In the data below, find the line with "総運![]() | 海老原梨未花さんの総運は51画の3つ星!変化が激しく、危険に注意。堅実な性格。" and the line with "- Dodatkowe udogodnienia", then restate both and every line between them exactly, minus the pictures.

Supplied material
<<<<

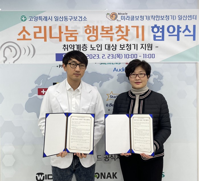 [부자동네타임즈 김인수기자] 고양특례시(시장 이동환) 일산동구보건소는 지난 23일 보청기 전문업체인 미라클보청기센터와 ‘소리나눔 행복찾기’업무협약을 체결했다.
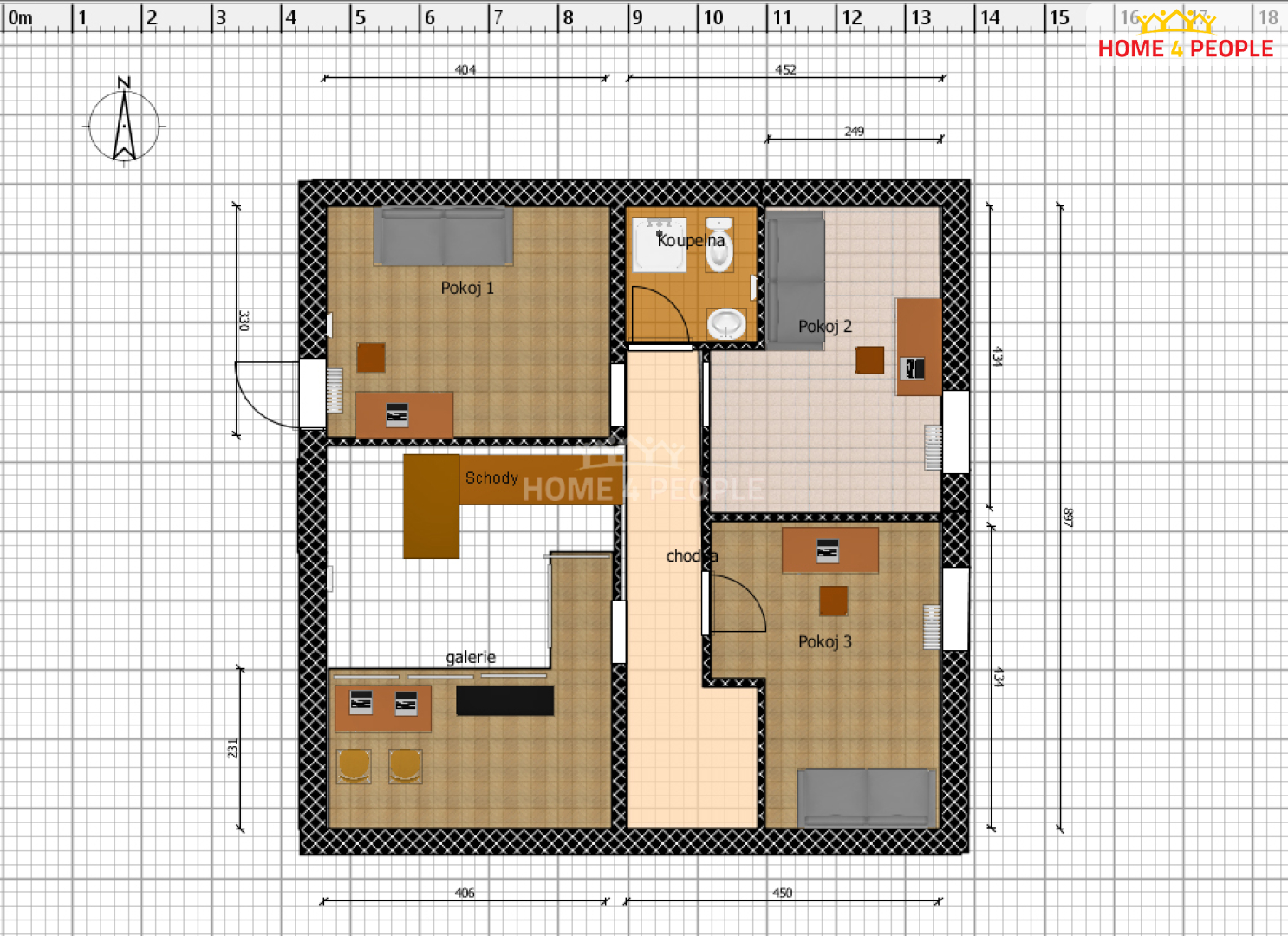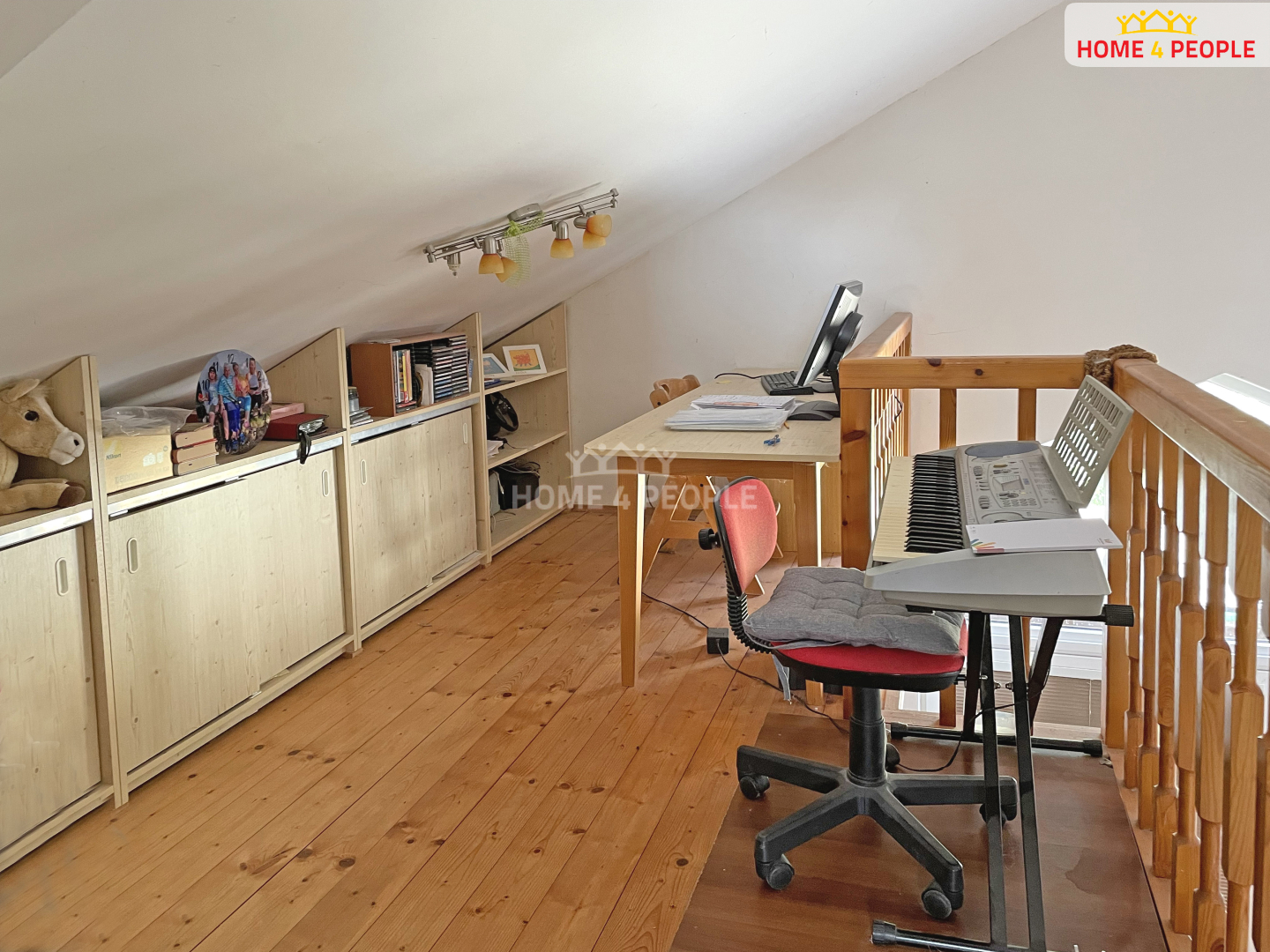 Z chodbičky v druhém nadpodlaží je vstup do tří dětských pokojů. Galerie s nízkými vestavěnými skříněmi je využívána jako učebna s PC a hudební koutek s klávesami.
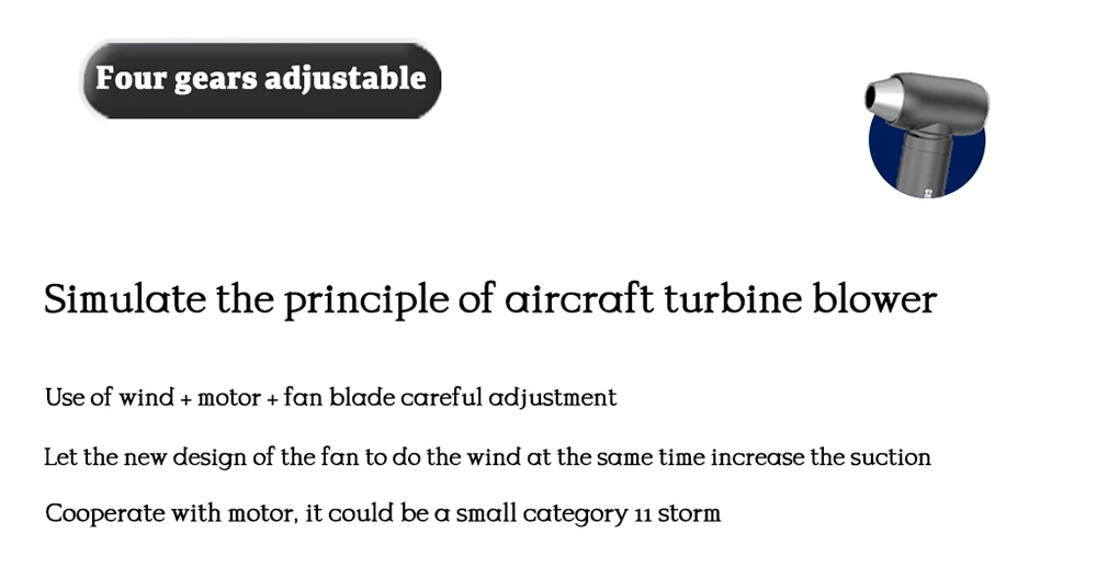 - Adjustable Speed Levels: With four distinct speed settings, you can tailor the fan's performance to meet your specific needs. Easily switch between 35,000rpm, 40,000rpm, 65,000rpm, and 90,000rpm with just a click, allowing for precise control in a variety of scenarios.
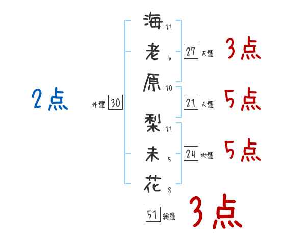 総運![]() | 海老原梨未花さんの総運は51画の3つ星!変化が激しく、危険に注意。堅実な性格。 あなたの人生を表す1番重要な運勢です。生涯を通じて影響する総合運となり、主に50歳以降の晩年期に影響を及ぼします。 |
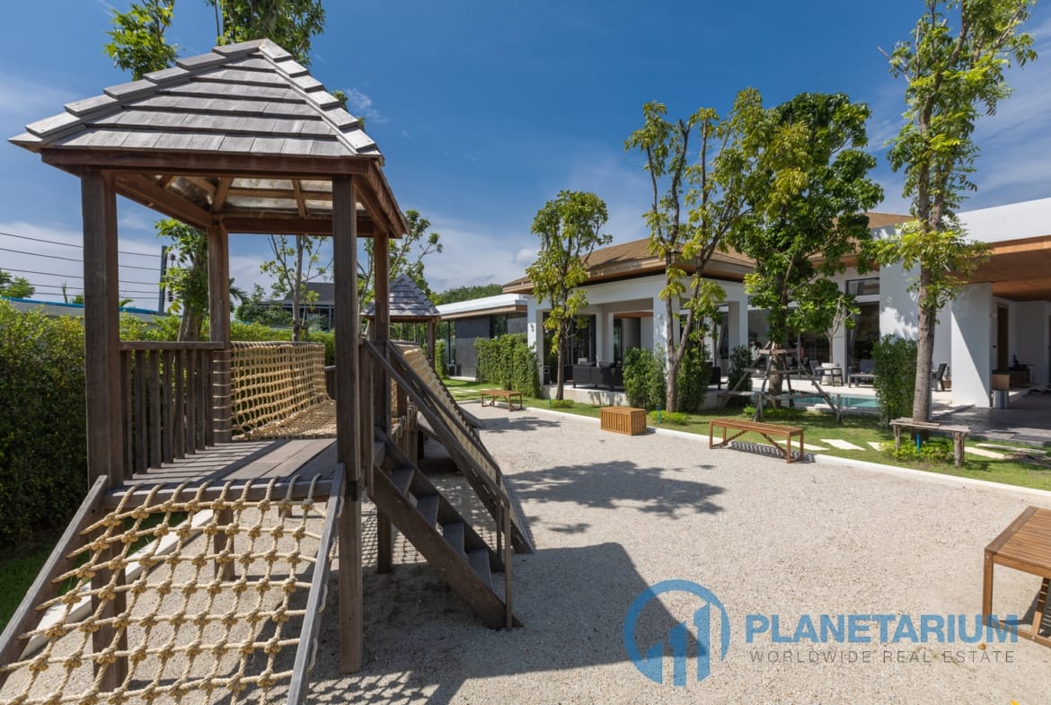 - Dodatkowe udogodnienia obejmują tajską kuchnię, łazienkę dla gości, prywatny basen, prysznic na świeżym powietrzu, ogrody, schowek, kryty parking i wiele innych.
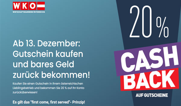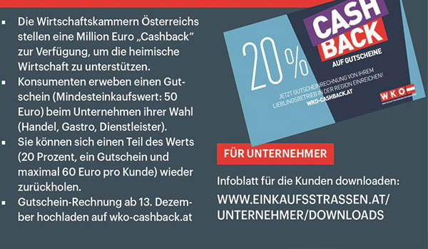 سيحصل الزبائن الذين يقومون بتحميل فواتير فسائم الشراء على موقع الويب الخاص بغرفة التجارة wko-cashback.at في الفترة ما بين 13 وحتى 23 ديسمبر على استرداد 20 بالمائة من قيمة إجمالي مبلغ الفاتورة، والحد الأدنى لقيمة الشراء هو 50 يورو، مع أسترجاع 60 يورو كحد أقصى، ويمكن تقديم فاتورة واحدة لكل شخص تحمل تاريخ من 13 ديسمبر 2021 من خلال هذا العرض الترويجي ، بجانب أن المتاجر خفضت أسعارها هذا الشهر وأن أصحاب متاجر الملابس والأعمال اليدوية هم أكثر المتاجر التي خفضت أسعارها هذا العام إجمالًا وخاصةً قبل عيد الميلاد بعد أن عانت العديد من المتاجر من وضع مالي غير مستقر لهذا فهي تتنافس بشدة من أجل تحقيق بعض الاستقرار بمبيعات عيد الميلاد.
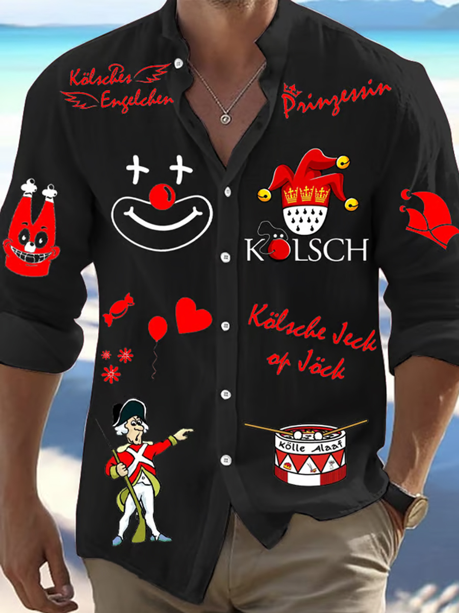 Cologne Carnival Clown Print Herren Lässiges Langarm-Shirt
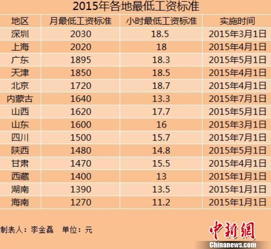 14地区2015年最低工资标准。 中新网北京7月3日电 (记者 李金磊) 进入7月份,四川、内蒙古均上调了最低工资标准。据中新网记者不完全统计,截至目前,全国至少已有1...

>>>>

Result for this task
 総運![]() | 海老原梨未花さんの総運は51画の3つ星!変化が激しく、危険に注意。堅実な性格。 あなたの人生を表す1番重要な運勢です。生涯を通じて影響する総合運となり、主に50歳以降の晩年期に影響を及ぼします。 |
 - Dodatkowe udogodnienia obejmują tajską kuchnię, łazienkę dla gości, prywatny basen, prysznic na świeżym powietrzu, ogrody, schowek, kryty parking i wiele innych.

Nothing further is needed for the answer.